Chez les chefs et épouses modestes migrants ou immigrants, l’alimentaire est acquis à Konni. On n’achète que le non-alimentaire au Nigéria. Ils s’y rendent alors moins souvent, mais néanmoins au moins une fois par mois, à partir de 15 000 Fcfa d’achat. L’espace transfrontalier est moins bien connu du fait que pour une bonne partie des personnes composant ce groupe, la venue ou le retour à Konni s’est fait il y a moins de 10 ans. Certains d’ailleurs (un quart d’entre eux) ne vont toujours pas seuls faire leurs courses. Du fait qu’ils quittent la ville, même peu fréquemment, pour acquérir une certaine catégorie de produits, l’achat des produits alimentaires à Konni découle alors de la modestie de leurs revenus.

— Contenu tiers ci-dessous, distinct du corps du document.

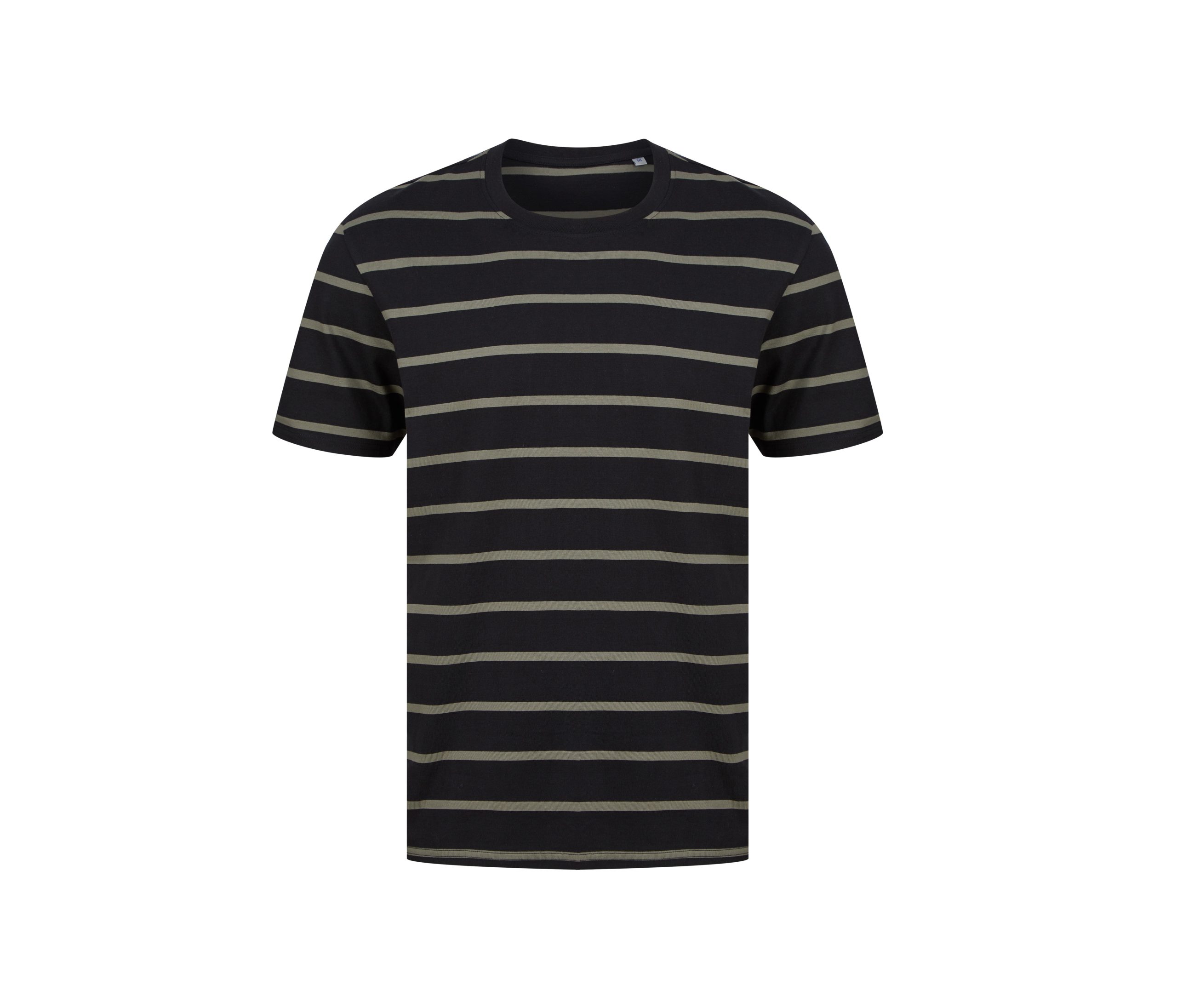 T-shirt rayé lourd. Coupe décontractée. Col en bords côte stretch unicolore. Double coutures aux manches et à la taille. Sans étiquette de marque.

Les aliments sont achetés au jour le jour dans le quartier d’habitation ou au mieux, au marché de Konni.
Pour les adultes immigrants pauvres, la stratégie est la même sur les produits non-alimentaires et partiellement la même sur les autres. Ils vont en effet profiter du déplacement effectué, en moyenne à la même fréquence que le groupe précédent, pour acquérir une partie des vivres dont ils ont besoin. Ils sont prêts, dans le but avoué de payer moins cher, à se déplacer pour des montants d’achats relativement faibles. Ainsi, la moitié d’entre eux effectue le déplacement à partir d’une fourchette de 2000 à 5000 Fcfa, la moyenne étant néanmoins de 9000 Fcfa.
Cette moyenne est la même chez les jeunes hommes sédentaires pauvres. Ils ne déclarent pas de stratégie particulière pour les produits alimentaires, mais sur le non-alimentaire, ils se distinguent des autres par des achats aussi bien à Konni qu’au Nigéria. Il s’agit principalement de textile-habillement acheté à Konni parce qu’il y est de meilleure qualité. Il faut noter en effet, que si ces individus ont des revenus ici considérés comme très bas, ils n’ont pas la charge d’un ménage et ont bien souvent dans celui qui les héberge un statut d’enfant du chef. Leurs ménages sont de grande taille, plus de 9 individus, mais avec un fort taux d’activité des plus de 13 ans (73%), ce qui laisse supposer un revenu du ménage assez confortable42. Les enfants sont alors parfois envoyés pour faire les courses, à Konni et/ou au Nigéria, mais ils sont aussi parfois des accompagnants. Seuls les plus âgés (moins d’un quart ont plus de 22 ans) peuvent prendre la décision sur le lieu ou l’achat doit se réaliser.
La qualification ’pauvres’, ’modestes’ et ’aisés’ a été réalisée en fonction du revenu moyen (30 000 Fcfa) de la population que nous étudions ici. Les modestes sont donc ceux qui gagnent l’équivalent du revenu moyen (ici 29 000 Fcfa), les pauvres ceux qui disposent d’un revenu au moins 25% inférieur. Les aisés gagnent en moyenne près de 50 000 Fcfa, soit deux-tiers de plus que les personnes dites modestes.
Nous ne pouvons cependant pas les reconstituer, pour ce groupe comme pour les autres, car dans trop peu de ménages nous disposons des revenus de l’ensemble des actifs, ou de l’ensemble des revenus de chaque actif.